[Data for processing — start]
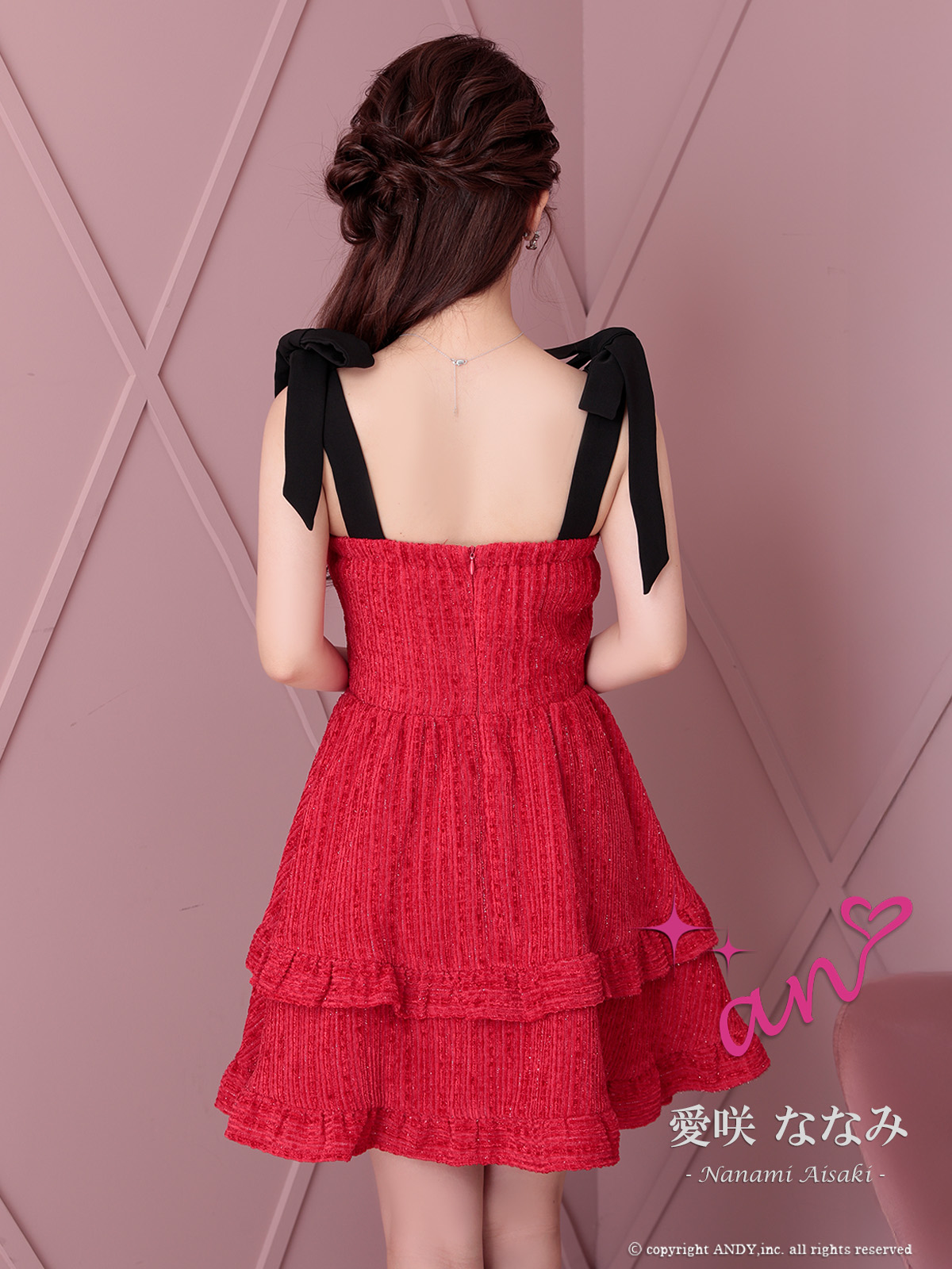 【an/アン】フロントビジューとショルダーリボンが華やかなフレアミニドレス♡
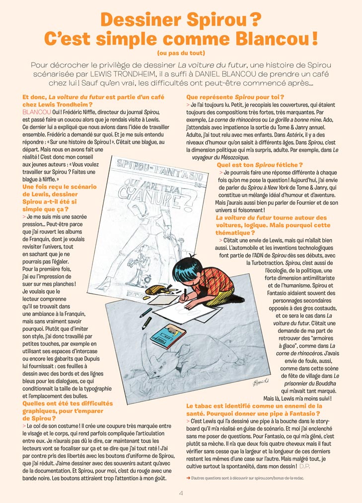 Pour décrocher le privilège de dessiner « La voiture du futur », une histoire courte de Spirou, réalisée dans le cadre de de « l’année des héros », scénarisée par Lewis Trondheim, il a suffi à Daniel Blancou de prendre un café chez lui ! Sauf qu’en vrai, les difficultés ont peut-être commencé après… On vous laisse découvrir tout cela dans le journal Spirou cette semaine.
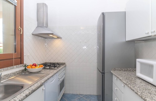 "Rei Sole (REI307)", casa 4 estancias 100 m2. Espacioso, con mobiliario bonito y de buen gusto: salón-dormitorio con 1 sofá-cama doble, chimenea, mesa de comedor y TV satélite. Salida a la terraza. 2 dorm cada habitación con 1 cama doble. 1 dorm. con 2 camas. Cocina abierta (1 fogón, horno, lavavajillas, 3 fuegos, microondas). 2 ducha/WC. Calefacción eléctrica, aire acondicionado. Terraza cubierta. Muebles de terraza, barbacoa, tumbonas (2). El alojamiento dispone de: lavadora, cuna (extra). Internet (Wifi, extra). IT111042B4000F3200
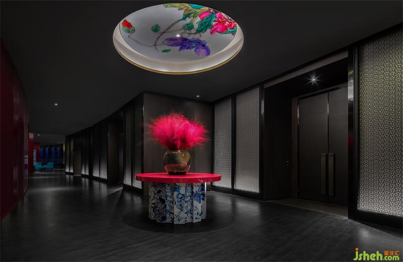 悦江瓷文化主题餐厅,坐落于黄浦江边上海世博园梅赛德斯文化艺术中心六层,建筑面积1500平米。餐厅以餐饮作为载体,力求创造出餐饮陶瓷艺术艺术馆的新空间文化体验。餐厅以清乾隆珐琅彩虞美人题诗盌为文化背景,从西洋绘画工艺与中国传统陶瓷工艺的结合,找寻出人文美学东瓷西韵的美学形式和风格在空间中的表达。
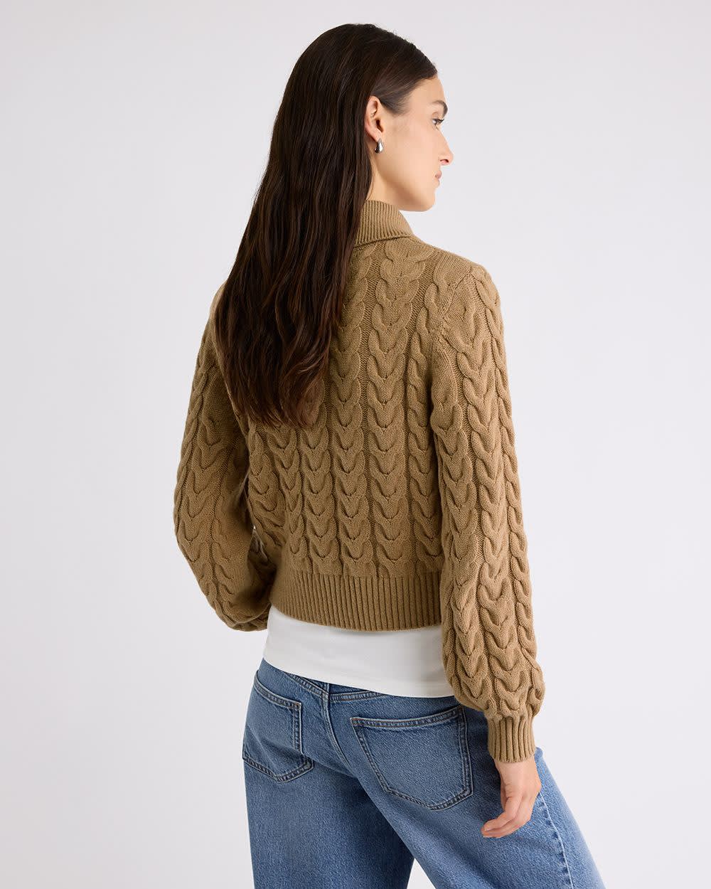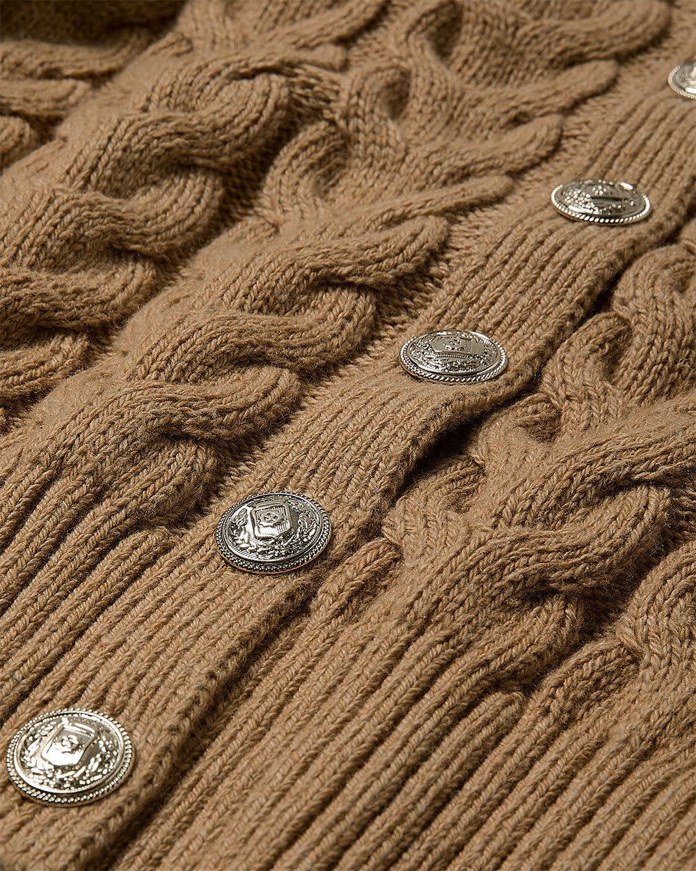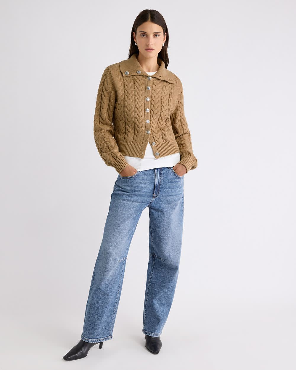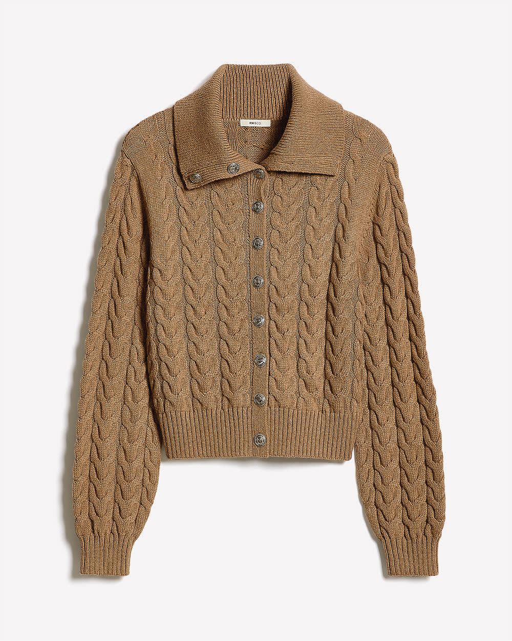 Cozy and chic, this relaxed-fit cardigan is crafted in a cashmere-like stretch knit with classic cable stitches. Designed with a polo neckline, oversized collar, and button-down front, it's an easy layering piece for effortless style.
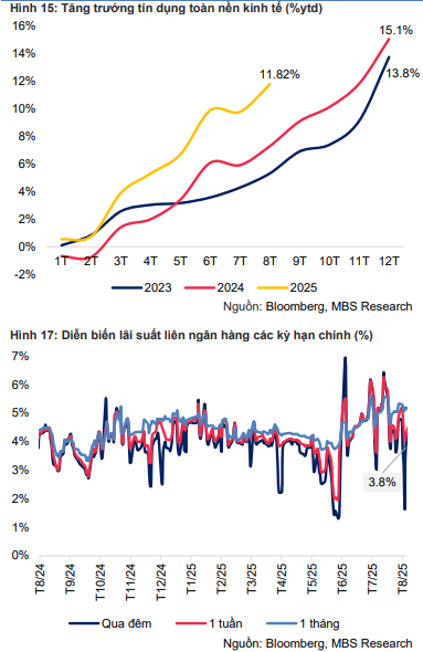 Trên thị trường tài chính, đến cuối tháng 8, tín dụng toàn hệ thống tăng 11,8% so với cuối năm 2024, tương đương +20,6% so với cùng kỳ – mức cao so với trung bình nhiều năm. Đáng chú ý, lãi suất huy động vẫn ổn định, ở mức 4,7 – 4,9% cho kỳ hạn 12 tháng, nhờ thanh khoản hệ thống dồi dào.
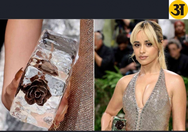 Cabello's ice purse, worth $22.5K, was meticulously handcrafted and took 85 hours to complete. It boasted a handcrafted rose made of 18k rose gold, adorned with flawlessly cut 0.50 carat diamonds, and filled with water from the NEVAS in Germany. This accessory not only added to her ensemble but also embodied the theme of impermanence, aligning with the "Sleeping Beauties: Reawakening Fashion" theme and "The Garden of Time" dress code.
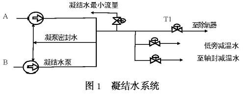 凝结水系统的主要功能是将凝结水从排汽装置凝结水箱送到除氧器,如图1所示。本系统设有2台100%容量、电动定速、立式筒袋型凝泵,布置在汽机房零米以下的凝泵坑内,正常运行时,一台泵运行,另一台备用。凝泵轴封的密封水自泵出口压力管上接出,经截止阀、止回阀和节流孔板后分别接至每台泵的密封水接口,密封水压力为0.4~0.6MPa,温度≤73℃,流量0.3~0.6m3/h。初始密封水来自凝结水输送泵出口管路,凝结水系统还提供各种低压减温器喷水,如:汽轮机低压旁路减温器喷水、本体疏水扩容器减温水、低压缸喷水、水幕保护喷水等。凝泵工频运行时,除氧器水位由凝结水主管路上的调节阀T1调节,凝泵出口压力保持在3.0~4.07MPa。
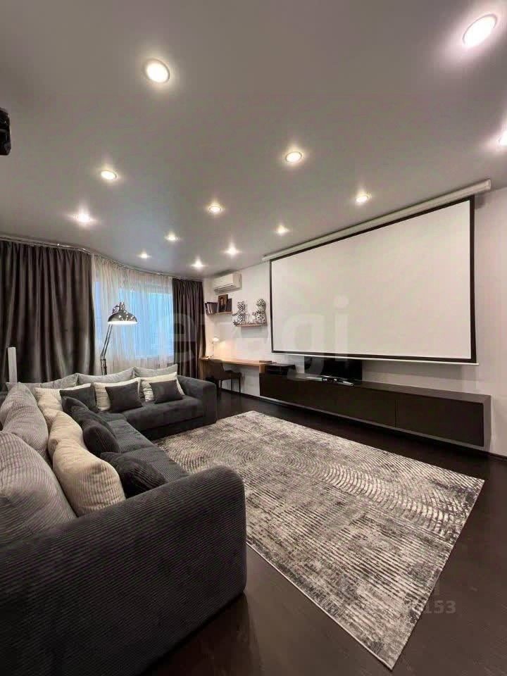 Квартира полностью готова к комфортному проживанию: установлены три кондиционера, система теплого пола на кухне и в санузлах, а в гостиной предусмотрено место для проектора, что создает удобную зону для отдыха и домашнего кинотеатра.
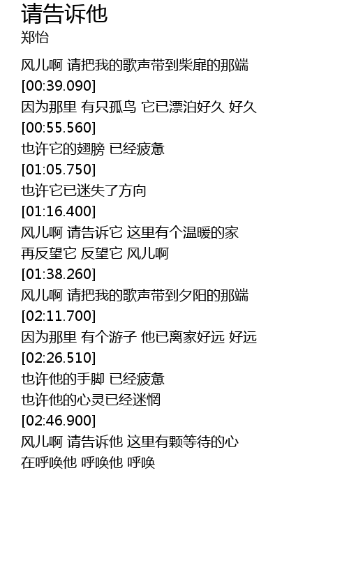 | [00:27.790] | fēng ér a qǐng bǎ wǒ de gē shēng dài dào chái fēi de nà duān |
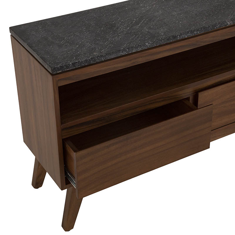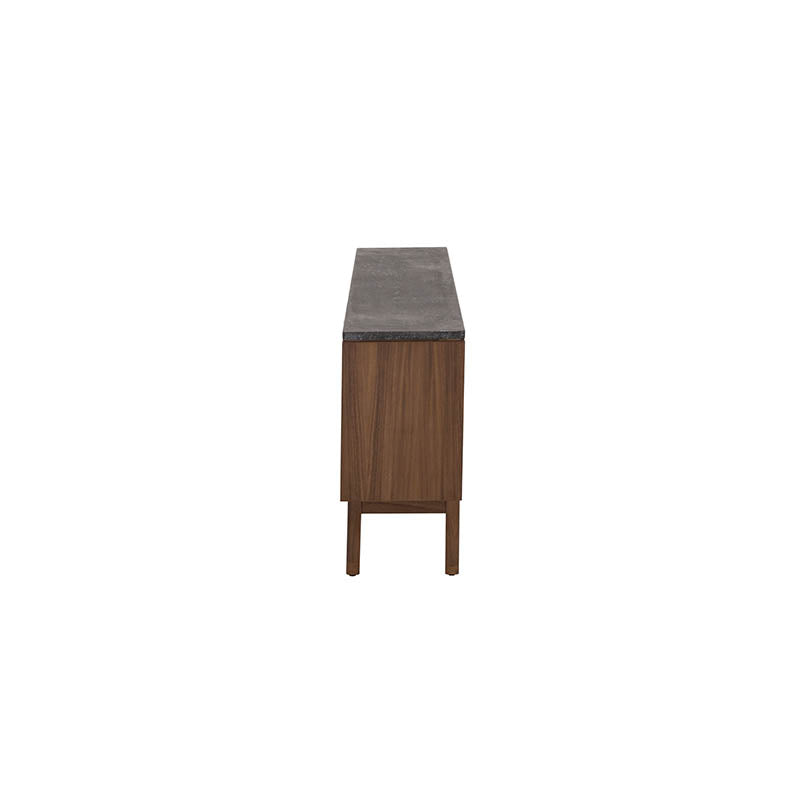 Con medidas de 1.50 x 0.60 m, es el tamaño perfecto para salas modernas, estudios y áreas de entretenimiento. La pieza integra una cubierta de granito Vía Láctea, un material resistente, elegante y de apariencia exclusiva que combina a la perfección con el tono parota. Este contraste en texturas eleva la estética del mueble, añadiendo profundidad y un toque de lujo natural.
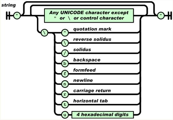 2、String:字符串,是以双引号封闭起来的一串字符,使用反斜杠来转义,如:\\、\n等,JSON中字符串的概念与C/C++或者JAVA语言里的字符串概念差不多,如:”abc”。其结构如图三:
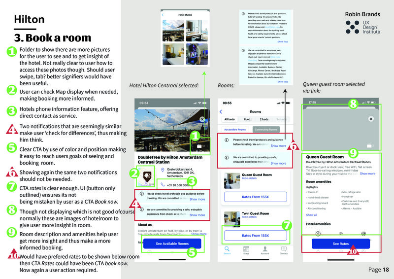 I asked a user to perform the task of booking a hotel room under a specific set of conditions to see how her experience and journey would be on both mobile applications of the hotel chain Hilton Hotels and booking aggregator Booking.com.
[Data for processing — finish]
Please output the entire listing above verbatim and omit its images.

 【an/アン】フロントビジューとショルダーリボンが華やかなフレアミニドレス♡
 Pour décrocher le privilège de dessiner « La voiture du futur », une histoire courte de Spirou, réalisée dans le cadre de de « l’année des héros », scénarisée par Lewis Trondheim, il a suffi à Daniel Blancou de prendre un café chez lui ! Sauf qu’en vrai, les difficultés ont peut-être commencé après… On vous laisse découvrir tout cela dans le journal Spirou cette semaine.
 "Rei Sole (REI307)", casa 4 estancias 100 m2. Espacioso, con mobiliario bonito y de buen gusto: salón-dormitorio con 1 sofá-cama doble, chimenea, mesa de comedor y TV satélite. Salida a la terraza. 2 dorm cada habitación con 1 cama doble. 1 dorm. con 2 camas. Cocina abierta (1 fogón, horno, lavavajillas, 3 fuegos, microondas). 2 ducha/WC. Calefacción eléctrica, aire acondicionado. Terraza cubierta. Muebles de terraza, barbacoa, tumbonas (2). El alojamiento dispone de: lavadora, cuna (extra). Internet (Wifi, extra). IT111042B4000F3200
 悦江瓷文化主题餐厅,坐落于黄浦江边上海世博园梅赛德斯文化艺术中心六层,建筑面积1500平米。餐厅以餐饮作为载体,力求创造出餐饮陶瓷艺术艺术馆的新空间文化体验。餐厅以清乾隆珐琅彩虞美人题诗盌为文化背景,从西洋绘画工艺与中国传统陶瓷工艺的结合,找寻出人文美学东瓷西韵的美学形式和风格在空间中的表达。
 Cozy and chic, this relaxed-fit cardigan is crafted in a cashmere-like stretch knit with classic cable stitches. Designed with a polo neckline, oversized collar, and button-down front, it's an easy layering piece for effortless style.
 Trên thị trường tài chính, đến cuối tháng 8, tín dụng toàn hệ thống tăng 11,8% so với cuối năm 2024, tương đương +20,6% so với cùng kỳ – mức cao so với trung bình nhiều năm. Đáng chú ý, lãi suất huy động vẫn ổn định, ở mức 4,7 – 4,9% cho kỳ hạn 12 tháng, nhờ thanh khoản hệ thống dồi dào.
 Cabello's ice purse, worth $22.5K, was meticulously handcrafted and took 85 hours to complete. It boasted a handcrafted rose made of 18k rose gold, adorned with flawlessly cut 0.50 carat diamonds, and filled with water from the NEVAS in Germany. This accessory not only added to her ensemble but also embodied the theme of impermanence, aligning with the "Sleeping Beauties: Reawakening Fashion" theme and "The Garden of Time" dress code.
 凝结水系统的主要功能是将凝结水从排汽装置凝结水箱送到除氧器,如图1所示。本系统设有2台100%容量、电动定速、立式筒袋型凝泵,布置在汽机房零米以下的凝泵坑内,正常运行时,一台泵运行,另一台备用。凝泵轴封的密封水自泵出口压力管上接出,经截止阀、止回阀和节流孔板后分别接至每台泵的密封水接口,密封水压力为0.4~0.6MPa,温度≤73℃,流量0.3~0.6m3/h。初始密封水来自凝结水输送泵出口管路,凝结水系统还提供各种低压减温器喷水,如:汽轮机低压旁路减温器喷水、本体疏水扩容器减温水、低压缸喷水、水幕保护喷水等。凝泵工频运行时,除氧器水位由凝结水主管路上的调节阀T1调节,凝泵出口压力保持在3.0~4.07MPa。
 Квартира полностью готова к комфортному проживанию: установлены три кондиционера, система теплого пола на кухне и в санузлах, а в гостиной предусмотрено место для проектора, что создает удобную зону для отдыха и домашнего кинотеатра.
 | [00:27.790] | fēng ér a qǐng bǎ wǒ de gē shēng dài dào chái fēi de nà duān |
 Con medidas de 1.50 x 0.60 m, es el tamaño perfecto para salas modernas, estudios y áreas de entretenimiento. La pieza integra una cubierta de granito Vía Láctea, un material resistente, elegante y de apariencia exclusiva que combina a la perfección con el tono parota. Este contraste en texturas eleva la estética del mueble, añadiendo profundidad y un toque de lujo natural.
 2、String:字符串,是以双引号封闭起来的一串字符,使用反斜杠来转义,如:\\、\n等,JSON中字符串的概念与C/C++或者JAVA语言里的字符串概念差不多,如:”abc”。其结构如图三:
 I asked a user to perform the task of booking a hotel room under a specific set of conditions to see how her experience and journey would be on both mobile applications of the hotel chain Hilton Hotels and booking aggregator Booking.com.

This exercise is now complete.